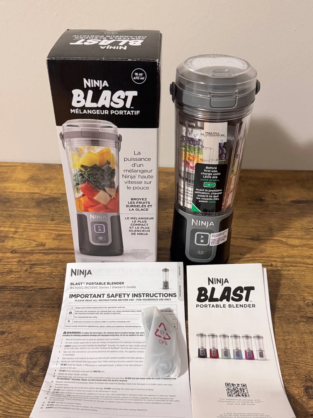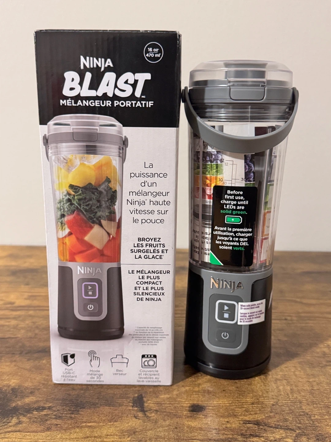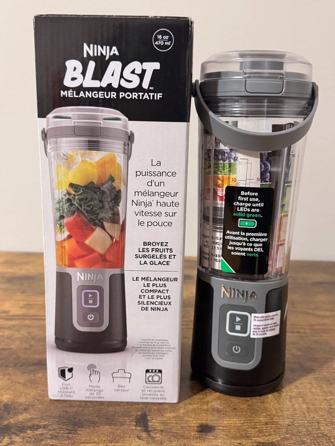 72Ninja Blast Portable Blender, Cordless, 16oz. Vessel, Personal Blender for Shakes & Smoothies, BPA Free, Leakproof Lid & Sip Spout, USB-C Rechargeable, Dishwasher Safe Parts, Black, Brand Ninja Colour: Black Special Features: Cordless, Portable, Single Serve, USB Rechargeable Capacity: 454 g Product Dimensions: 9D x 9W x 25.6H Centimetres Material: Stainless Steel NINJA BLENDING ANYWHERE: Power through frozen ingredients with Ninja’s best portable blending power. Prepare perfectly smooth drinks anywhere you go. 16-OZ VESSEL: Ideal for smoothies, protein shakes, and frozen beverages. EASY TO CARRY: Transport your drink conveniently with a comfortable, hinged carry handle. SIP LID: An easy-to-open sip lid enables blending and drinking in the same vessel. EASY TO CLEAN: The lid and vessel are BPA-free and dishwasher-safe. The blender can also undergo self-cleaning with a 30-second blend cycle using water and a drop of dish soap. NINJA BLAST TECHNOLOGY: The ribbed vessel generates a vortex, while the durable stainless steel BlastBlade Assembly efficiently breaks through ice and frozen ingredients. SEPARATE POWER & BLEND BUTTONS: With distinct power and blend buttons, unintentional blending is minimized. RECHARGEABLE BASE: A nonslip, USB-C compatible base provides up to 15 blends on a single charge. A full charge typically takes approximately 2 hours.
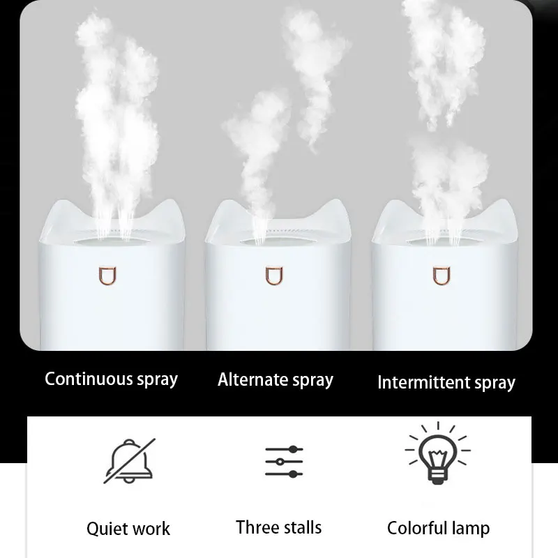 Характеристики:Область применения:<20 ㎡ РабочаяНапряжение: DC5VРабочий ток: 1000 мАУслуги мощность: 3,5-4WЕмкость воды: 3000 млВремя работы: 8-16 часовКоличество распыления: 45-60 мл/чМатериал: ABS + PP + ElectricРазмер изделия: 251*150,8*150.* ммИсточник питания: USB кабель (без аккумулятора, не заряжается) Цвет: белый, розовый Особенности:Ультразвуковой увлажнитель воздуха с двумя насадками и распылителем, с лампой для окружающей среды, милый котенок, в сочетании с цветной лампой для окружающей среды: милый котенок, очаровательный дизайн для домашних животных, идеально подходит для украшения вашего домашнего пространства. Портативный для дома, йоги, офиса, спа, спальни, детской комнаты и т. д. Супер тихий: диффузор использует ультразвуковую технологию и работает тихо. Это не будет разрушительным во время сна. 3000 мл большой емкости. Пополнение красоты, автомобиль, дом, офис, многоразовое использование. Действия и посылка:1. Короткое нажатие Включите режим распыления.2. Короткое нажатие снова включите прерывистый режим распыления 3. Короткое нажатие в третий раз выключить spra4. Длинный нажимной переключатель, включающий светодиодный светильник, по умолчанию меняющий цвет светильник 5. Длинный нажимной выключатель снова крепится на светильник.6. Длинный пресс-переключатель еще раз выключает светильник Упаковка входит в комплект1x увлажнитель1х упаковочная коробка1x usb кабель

---

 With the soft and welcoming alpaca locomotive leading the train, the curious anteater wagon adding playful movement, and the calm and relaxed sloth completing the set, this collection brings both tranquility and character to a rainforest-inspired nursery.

==

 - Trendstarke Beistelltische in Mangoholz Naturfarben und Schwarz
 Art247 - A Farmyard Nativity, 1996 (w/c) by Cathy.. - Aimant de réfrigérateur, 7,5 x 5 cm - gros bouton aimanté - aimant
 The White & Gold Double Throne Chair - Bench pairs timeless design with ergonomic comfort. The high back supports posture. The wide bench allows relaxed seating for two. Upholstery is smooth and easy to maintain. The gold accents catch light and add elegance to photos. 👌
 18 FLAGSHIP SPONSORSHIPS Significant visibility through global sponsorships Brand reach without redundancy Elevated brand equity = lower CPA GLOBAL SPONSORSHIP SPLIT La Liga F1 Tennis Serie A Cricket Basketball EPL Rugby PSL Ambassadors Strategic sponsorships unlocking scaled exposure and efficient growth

▶ **Work instruction**
A word-for-word copy of the lines above from the one with "- Trendstarke Beistelltische" through the one with "18 FLAGSHIP SPONSORSHIPS", inclusive, is the only output wanted.

▶ **Answer below**
 - Trendstarke Beistelltische in Mangoholz Naturfarben und Schwarz
 Art247 - A Farmyard Nativity, 1996 (w/c) by Cathy.. - Aimant de réfrigérateur, 7,5 x 5 cm - gros bouton aimanté - aimant
 The White & Gold Double Throne Chair - Bench pairs timeless design with ergonomic comfort. The high back supports posture. The wide bench allows relaxed seating for two. Upholstery is smooth and easy to maintain. The gold accents catch light and add elegance to photos. 👌
 18 FLAGSHIP SPONSORSHIPS Significant visibility through global sponsorships Brand reach without redundancy Elevated brand equity = lower CPA GLOBAL SPONSORSHIP SPLIT La Liga F1 Tennis Serie A Cricket Basketball EPL Rugby PSL Ambassadors Strategic sponsorships unlocking scaled exposure and efficient growth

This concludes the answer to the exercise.